94. Эванс (1/2)
Джеймс не засмеялся вчера.
Не сказал, что я дура набитая. Он так удивился, будто у меня на роже не написано, что я на него запала. Шмэри утверждает, что написано.
Даже назвал «Лили». Это прозвучало так непривычно, что я сдуру ляпнула, будто меня устраивает Эванс. Мне правда нравилась моя фамилия, в магическом мире она, наверное, считалась редкой, а в обычном встречалась на каждом шагу.
Кажется, Джеймс вздохнул с облегчением. Ему это сложно давалось. Вдали от Блэка и от замка он вообще по-другому себя вел, будто не нужно было раз за разом доказывать всем свою охуенность.

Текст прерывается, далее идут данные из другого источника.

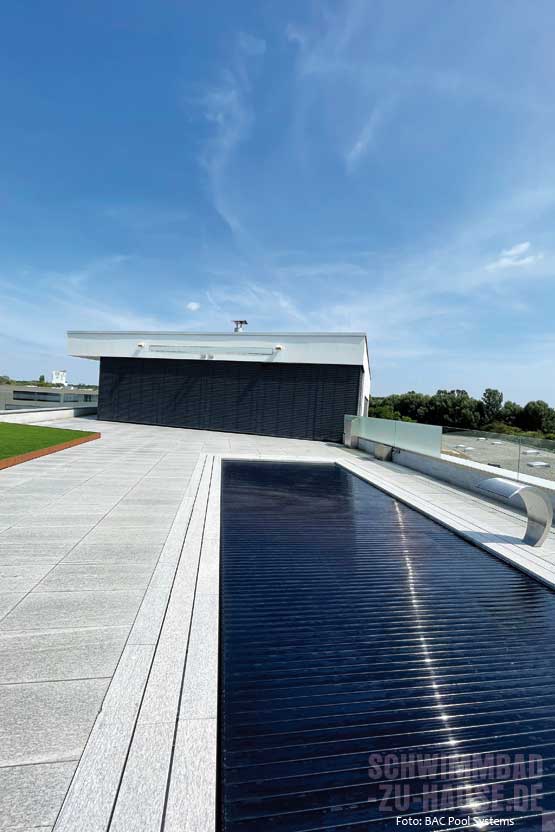 Insbesondere dann, wenn sogenannte Solarabdeckungen eingesetzt werden. Statt das Wasser teuer und aufwendig mittels Wärmepumpe, Wärmetauscher oder Solaranlage aufzuheizen, wird bei Solarabdeckungen die Sonnenenergie auf das Wasser übertragen. Oft aufgeführt als Solarfolie, Solarplane (gerne in Kombination mit Rollladen- oder Stangenabdeckungen) oder Lamellenabdeckung halten Solarabdeckungen den abgedeckten Pool (nachts) warm und heizen das Wasser bei Sonneneinstrahlung zusätzlich auf. In der Theorie und in der Praxis, wie viele Modelle beweisen. Happy Pool und die RW Group Austria setzen beispielsweise auf ein Abdeckungsmaterial mit der „Geo Bubble“ -Technologie. Dieses innovative Doppelnoppensystem erhöht die Lebensdauer des Materials. Da die Solarabdeckung in unterschiedlichen Farben erhältlich ist, kann sie passend zur Poolfolie gewählt werden. Ein weiteres Plus ist, dass die Solarabdeckung als Standardmaß zum selbst Zuschneiden und als konfektionierte Abdeckung zur Montage an einem Aufroller erhältlich ist. Ebenfalls beliebt sind die Solarabdeckungen von Grando und die Rollladen-Modelle „Rollmatic“ von BAC Pool Systems. Die hochwertigen PC-Lamellen (PC = Polycarbonat) bringen Wärme in den Pool und minimieren zugleich das Algenwachstum. Ein zusätzlicher UV-Schutz im Inneren des Materials und separat aufgetragen als Deckschicht, verhindern Versprödung und Vergilbung der Abdeckung. Ähnliches bieten die Schwimmbad- abdeckungen aus hochwertigem UV-stabilisierten Polyethylen von BWT Pool Products. Diese werden auf Wunsch gerne nach Maß gefertigt. Querverschweißte Nähte sorgen für ein faltenfreies Aufwickeln auf die Aufrollvorrichtungen. Und auch die Solarlamellen „Quadro Black“ der T & A Group tragen zu einem solaren Wärmeeintrag bei und sind gefragt. Hauptgrund ist die geringere Verdunstung des Wassers. Diese ist ein wesentlicher Faktor des Wärmeverlustes aller Schwimmbecken und wird von der CF Group für ein 4 mal 8 Meter großes Becken mit rund 200 Litern pro Tag beziffert. Wird hingegen eine Abdeckung eingesetzt, lässt sich der Verlust – abhängig von der Art der Abdeckung – um bis zu 95 Prozent verringern.
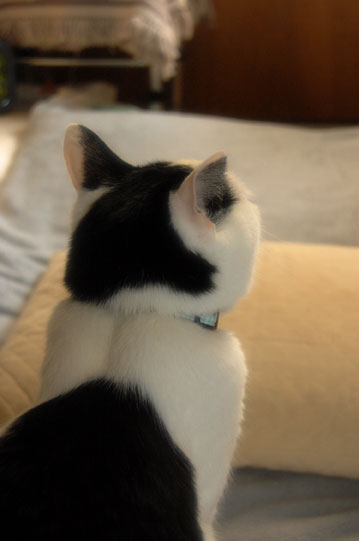 捨てられてまもなく、ルンボ家ベランダから景色を眺めている哀愁漂う後ろ姿をルンボに目撃される。

Я уже видела его такого — в ту ночь, когда на Хогвартс напали. Теперь я точно знала, что тот Джеймс существует. Что я его не выдумала.
Может, это казалось ему увлекательным приключением, но, учитывая, сколько всего он таскал во внутреннем кармане мантии, Джеймс к свалившемуся на нас дерьму готовился заранее. И намеревался расхлебывать его вместе с нами.

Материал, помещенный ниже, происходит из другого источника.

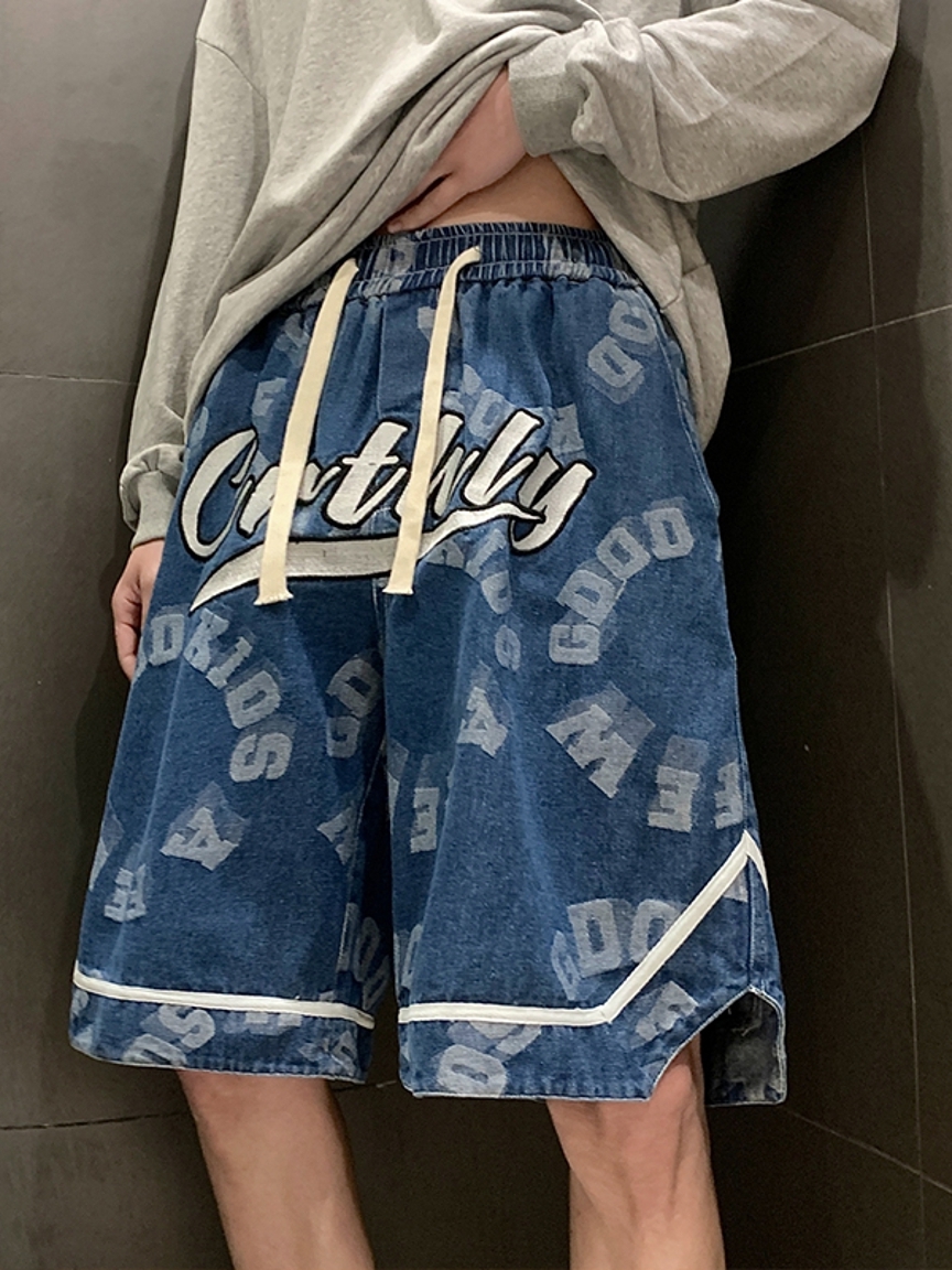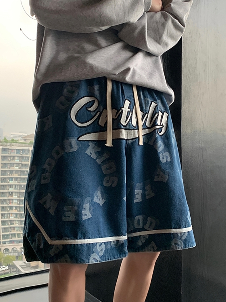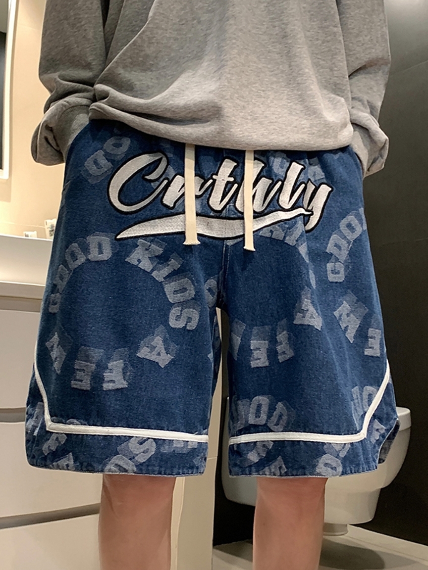 简约百搭的蓝色牛仔短裤,大大的字母点缀宽松的直筒版型,穿着起来舒适自在。
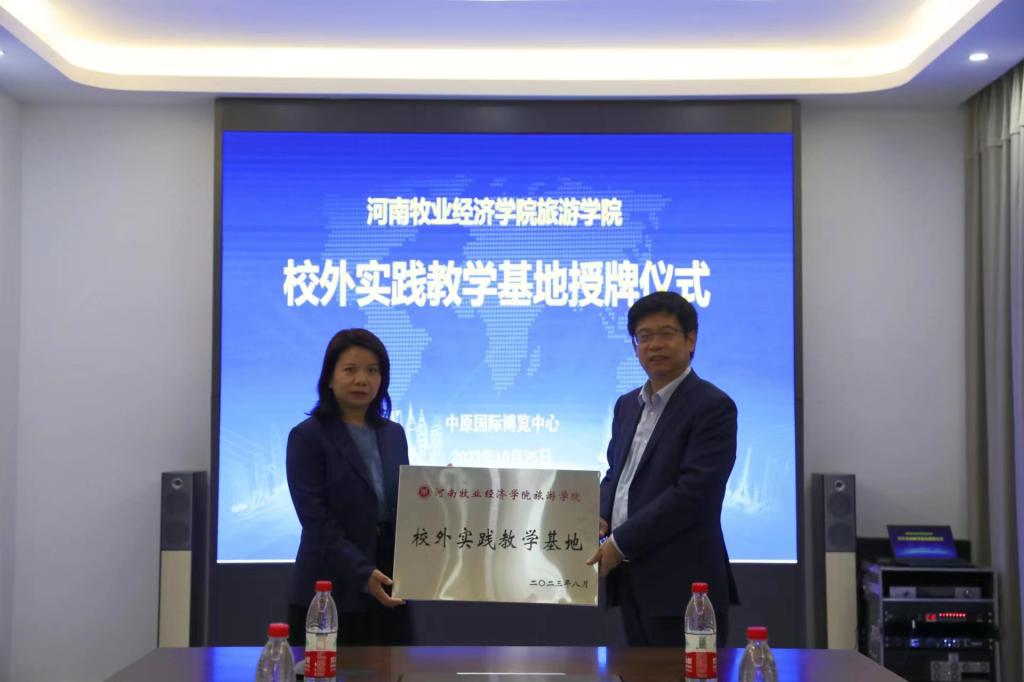 10月25日上午,我院院长王德静、副院长王中雨、党委副书记李特、会展经济与管理教研室主任连建功及教师代表沙强、吴梦一行6人赴中原国际博览中心授牌太阳tyc9728校外实践教学基地,中原国际博览中心党支部副书记、副总经理李春莉、副总经理周卫阳,行政部、展览业务部等相关人员参与授牌仪式。
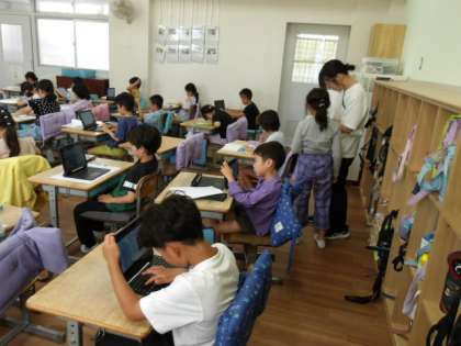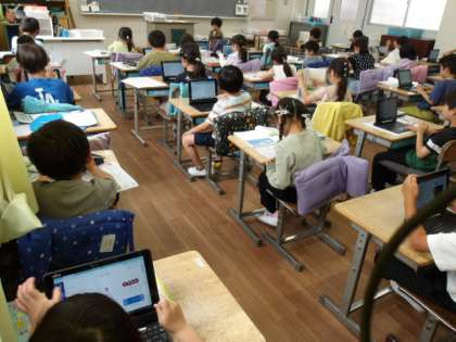 全体練習のあとの授業の様子です。課題ができたら先生にみてもらって、そのあとはPCで各自学習しています。AIドリルは便利ですね。

— …так, двадцать первое февраля — понятно, — в десятый раз повторил он, рассматривая записку Блэка и так, и эдак. — Солнце означает полдень — понятно… Скажи еще раз, что означает вот это… ф-ф… с-с… да как это читается?
— Если перевести буквально, это означает «поле на юге» или «южное поле». — Я машинально пригладила волосы на затылке Джеймса, но они все равно топорщились.
— В смысле, мы должны искать его в полях? Я убью Бродягу, — ворчливо, но беззлобно заявил он. Мне показалось, что такие прикосновения его успокаивают.
Джеймс признался, что с детства ненавидит все эти загадки, а Блэк их обожает.
— Давай еще подумаем. Он явно имел в виду какое-то конкретное поле. Я не так хорошо знаю Лондон. Нам бы подробную карту… или хотя бы Шмэри.
Она родилась в Ист-Энде и хорошо знала город, как и все дети, родителям которых насрать, чем они занимаются и где пропадают.
— Где они обычно продаются у магглов? — уточнил Джеймс, вставая со стола.
— В книжных магазинах должны быть.
— Скоро вернусь, — азартно предупредил он и выскочил за дверь. Я услышала хлопок, и стало тихо.
Грязнуля доедала кусок бутерброда, оставленный Джеймсом, и шуршала бумагой, в которую тот был завернут.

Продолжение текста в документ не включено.